ジュンタ「そういえばさ、2人はどうして冒険者として活動してるの?」
ハルド「俺たちか?そうだな…俺は、物心がつく頃から、親父の冒険者としての活動を聞いてきたんだ。しかも、使える魔法は俺と同じ風属性。まあ、親父の血を引いたからだろうな。んで、その親父はそれなりに名の売れた冒険者だったらしい。幼い頃から親父の活躍を聞いて、その影響で自然と目指すようになったって感じだな。」
ジュンタ「憧れかぁ、いいね!シーヤさんは何かキッカケとかあるの?」
シーヤ「私は、色んなところを見て回りたいかな。地元を出て旅がしたいって感じ。でも、ただの旅人じゃ危険だから自分の身を守れるようにって、冒険者になったの。」
ジュンタ「なるほど~。世界の事を知りたい感じか。」
シーヤ「うん、後はおばあちゃんが楽になるように恩返しかな。小さい頃からずっと面倒見てくれたし。」
ハルド「いい目標じゃねぇか。頑張ろうぜ。」
シーヤ「うん、ありがとう。もし良かったら、ジュンタさんのキッカケも聞いてみたいな。」
ジュンタ「俺は、森でサバイバルしてたところ、偶然このハルドと出会ってね。」
ハルド「ああ。思い返せば、あれから何日も経ったな。あの出会いが始まりだった。」
シーヤ「ここで2人は出会ったんだね。それと、サバイバルっていうのは、この森でずっと暮らしてたの?」
ジュンタ「いいや。俺は、元々旅を始めたばかりなんだけど、お金無くしちゃったんだよね。その上、道にまで迷っちゃって。」
もちろん嘘である
シーヤ「ええっ、そんな事が!?…自然界で暮らすのは大変じゃなかった?魔物だって湧いてくる訳だし。」
ジュンタ「ロクな服も武器も無かったけど、俺がここ最近でみた魔物との戦闘は、運良く免れたよ。」
ハルド「そりゃホントに良かったよ。初めて会った時はビビったぜ…薄着で丸腰の一般人が、戦いの最中に飛び出してくるもんだからよ。」
シーヤ「わぁ…それは確かにびっくりするよね…」
ジュンタ「アハハ(汗)、ごめんごめん。見たこともない化け物だったから思わず加勢しようと思っちゃった。」
シーヤ「理由がジュンタさんらしい…」
ハルド「違いねぇ。」
ジュンタ「あと、俺の目的が、武術を極める事なんだ。そのために、いろんな場所に行って、いろんな事を知っていきたい。そして、自分の技を旅の道中でみんなと一緒に磨いていきたい。」
シーヤ「素敵な夢だね。私も頑張ろう!」
ハルド「俺も負けてらんねぇな。さ、明日も早い。依頼がまだ完了してねぇし、そろそろ寝ようぜ。」
シーヤ「そうね、2人ともおやすみ。」
ジュンタ「うん、おやすみ。火は俺が消しとくよ。」
雑談を通して、3人それぞれ少しずつ自己開示していくジュンタたち。明日に備えて切りよく話を終えて一同は眠りに就くのであった。
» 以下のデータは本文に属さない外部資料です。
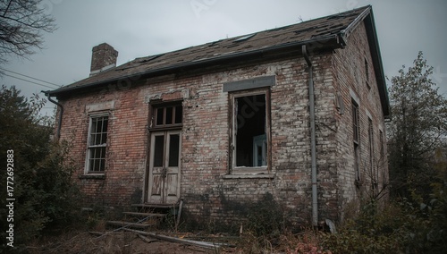 Obraz premium Abandoned brick building with broken windows, urban decay
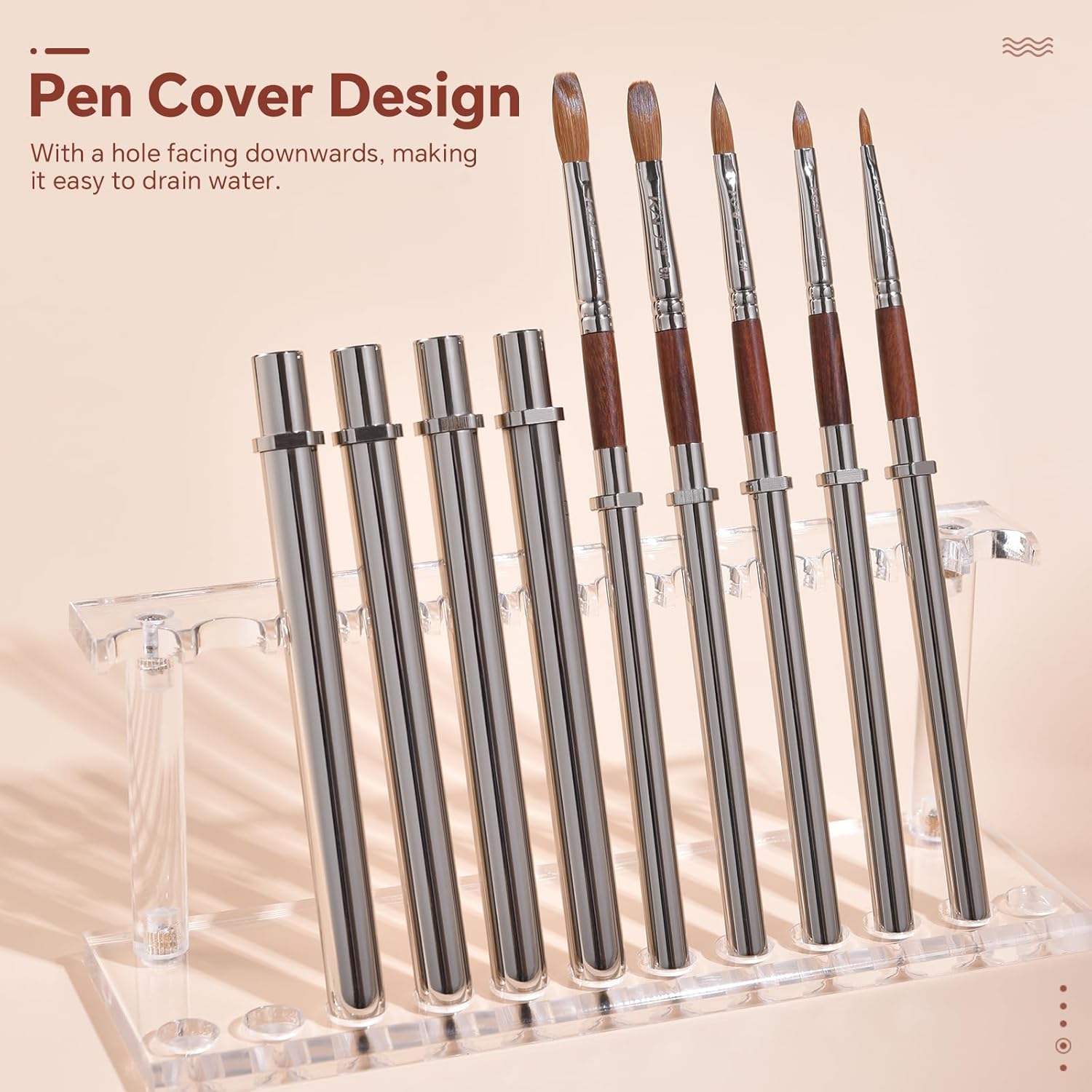 - Carefully crafted design, dual-use pen holder that can serve as both a pen cover and an extended pen holder. Even after cleaning the brush, you can still cover it with a pen cover. The top of the pen cover has a drainage hole, which not only facilitates the flow of water but also prevents dust from contaminating the brush.

テントの中で3人が入眠してから2時間ほど経った頃、ジュンタが突然目を覚ました。
ジュンタ「うーん…」
まだ眠りが浅いからか、意識がボーっとしている。
ジュンタ(今、微かに2人以外の気配を感じた気がする…)
そう思ったジュンタは、静かにテントの入り口を開けて外に出た。
ジュンタ(ん?テントの周りから確かに感じる。それも1つや2つじゃない。複数いる!)
異変を察知して完全に目が覚めきったジュンタは、急いで眠っている2人を起こす。